I voted for TT which I have used in the past. I currently have a Clavier Avalanche on my Cougar 4.


----------



## Idaho_Elk_Huntr (Dec 13, 2003)

After all these years I traded my TT for a Ripcord.

I would try a Limb Driver but I dont think I want that long cord on my bow. Not while hunting these rugged mountains anyway.


----------



## shaft-slinger (Jan 11, 2007)

*My favorite rest*

Never ever had vane contact, not even at 319 fps playing around with a 310 gr arrow weight @ 59 lbs. QAD LD my choice (opinion)
Elite Synergy 55# 29 inch draw 
274 fps 390 gr. Goldtip Traditional
292 fps 340 gr. Goldtip Pro Hunters 65 lbs KE
304 fps 320 gr. Cheetah
QAD Rest LD Camo
Trophy Ridge Matrix .019
Alpine Softloc 5 arrow quiver
Scott /Wolf


----------



## kraiza (Jan 13, 2006)

QAD/LD on both of my bows.


----------



## razorjack (Feb 27, 2006)

*Hha*

I use a HHA dropaway.............


----------



## Mink (Oct 23, 2006)

I use a Limb Driver on my X-2 and Luv it!


----------



## chief razor (Apr 29, 2006)

I used a drop zone last year, I did some experamenting with the limb driver and found that even if the control cord fails that i can shoot an arrow out of the rest with reasonable accuraccy. I think ill take a limbdriver to the woods this year.


----------



## swackhamer (May 24, 2005)

TT shakey hunter:darkbeer:


----------



## Big Eazy (Mar 12, 2007)

DMI Expert II on both hunting bows.


----------



## HootOwl81 (Mar 27, 2007)

muzzy is all i will use


----------



## stalk-and-drop (Mar 1, 2007)

Whisker Biscuit.


----------



## sean (May 31, 2003)

whammy and infinity fallaway


----------



## HeadHunter (Jul 2, 2003)

Muzzy Zero Effect. Used it for years and don't see anything on the market that is better. No strings, springs or magnets. Love it. You really should have included it in the survey.


----------



## scottparker (Mar 31, 2006)

I use the QAD Ultra HD for hunting and Limb Driver for target  Very good rest


----------



## txbdyguard (Jan 7, 2007)

*Mathews Convertible HDII*

Mathews Convertible HDII Schaffer GEN II MAT I for sale


----------



## jsasker (May 7, 2003)

I voted for the w.b. but i also have the qad ld.My trust is still in the biscuit over ANYTHING else for hunting--there is nothing to go wrong with it,nothing.:secret:


----------



## outdoorattic (Feb 25, 2006)

kaz away


----------



## TMan51 (Jan 25, 2004)

Plain old NAP 800's on my hunting bows (6), and 3000's on my spot/3D rigs(2).


----------



## intheXring22 (Jul 6, 2005)

Limb driver for everything here.


----------



## 808hunta (Apr 5, 2006)

*None of the above*

Muzzy Zero Effect Next Generation


----------



## rock monkey (Dec 28, 2002)

another 'none of the above'

i use a golden key rover with the horseshoe launchers. i cover the launchers in moleskin/fleece and they are whisper quiet.
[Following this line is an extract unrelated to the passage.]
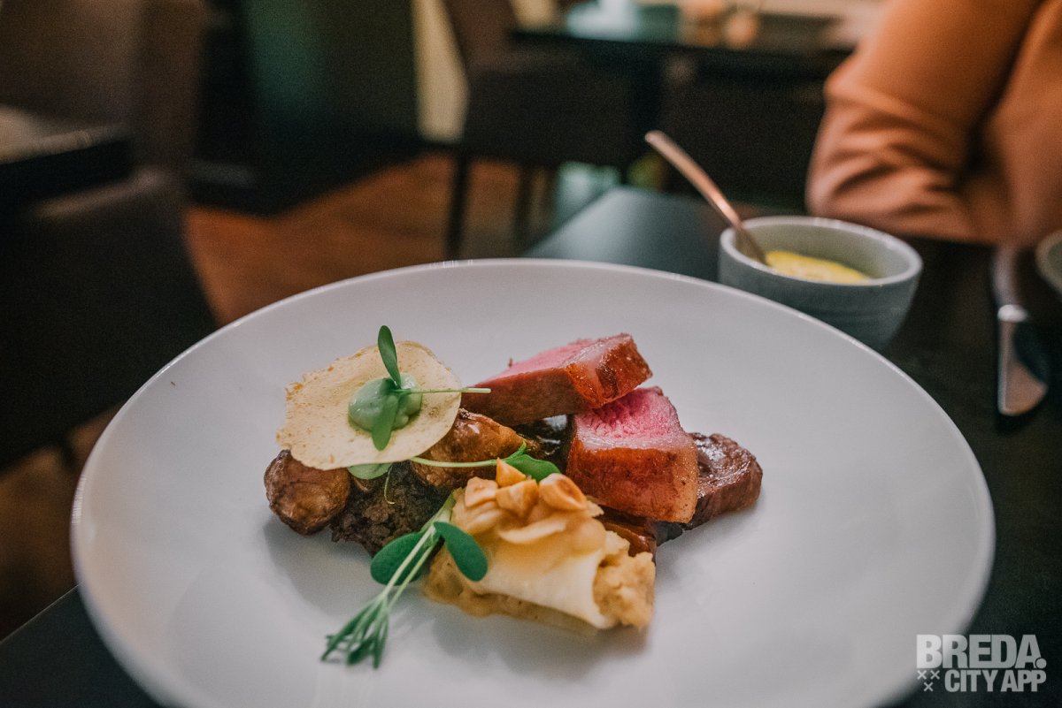 Tussendoor kunnen we het niet laten om de kalfsentrecote en gelakte kalfssukade alvast te proeven. Beide stukken vlees zijn goed gegaard en lekker mals. De entrecote is daarnaast ook nog eens heel mooi rood van kleur. Het gerecht is afgemaakt met beukenzwammen, aardpeer, duxelles dragon, cannelloni van knolselderij en hazelnoot. We krijgen er bearnaisesaus bij geserveerd.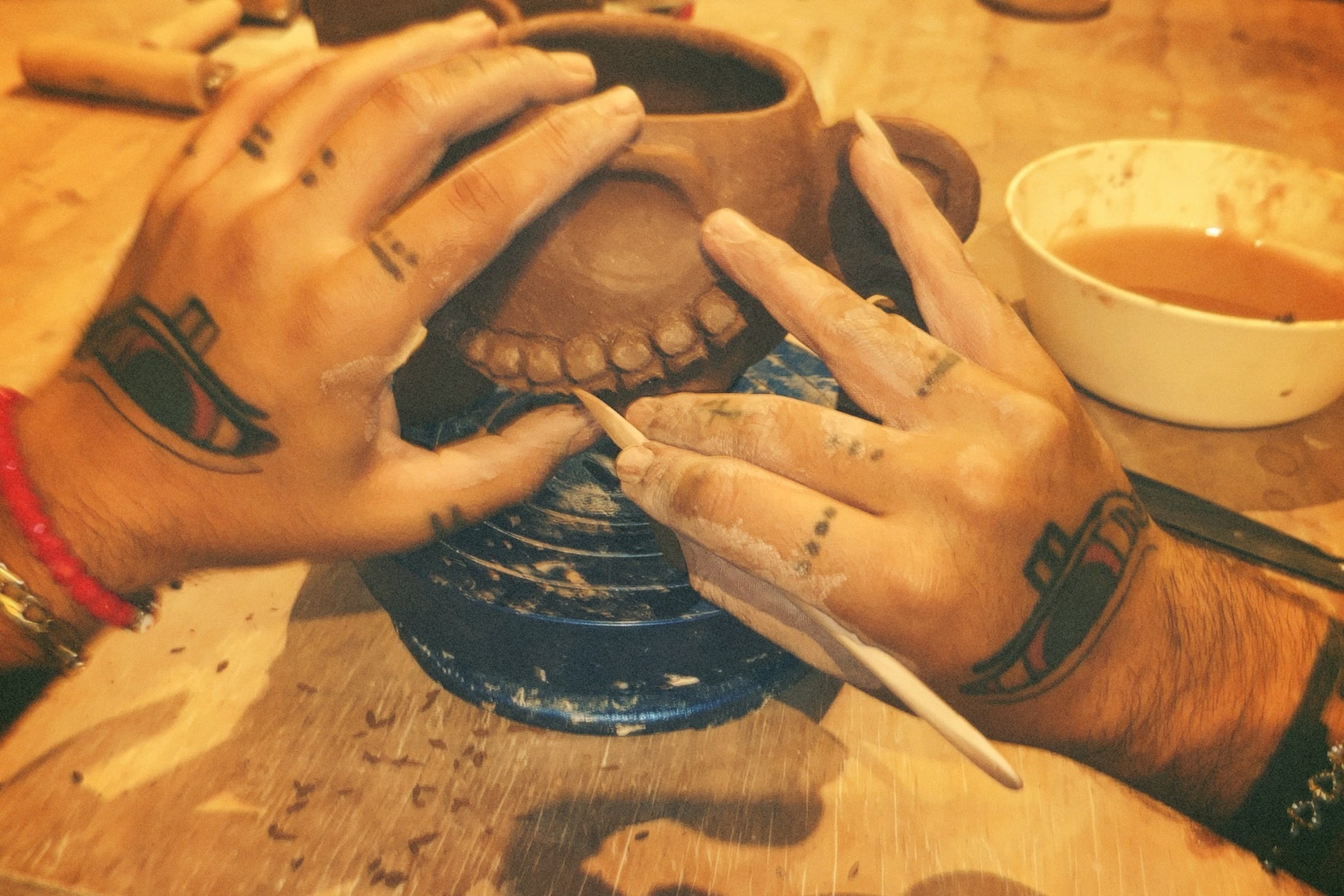 so, after you’ve arrived and settled in, we’ll demonstrate the process of centering, pulling, and shaping clay into functional art on the potter’s wheel. we’ll show you how to make a bowl, cup and a vase, play around with decoration (if you’d like) with texture tools, and then we can add handles and stamp sweet nothings on your pots at the end of class.

i chose the rover because of its extremely rugged design. having my rest not be right at the moment of truth isnt something i want to be thinking of. i think the rover design was one of the better ones GKF had.


----------



## TMan51 (Jan 25, 2004)

I have NAP Quicktune's on all of my setups, 800/1000/3000.

The 3000's are a spot shooter thing to me, too many screws. The 800 is very simple and rugged, and my favorite for hunting bows. I always add a Dakota Archery arrow holder:

http://www.dakotaarchery.com/arrowholders/index.html

I don't use super fast setups, so a drop away isn't needed for my shooting.


----------



## Ridge Buster (Oct 26, 2006)

TR drop zone on mine


----------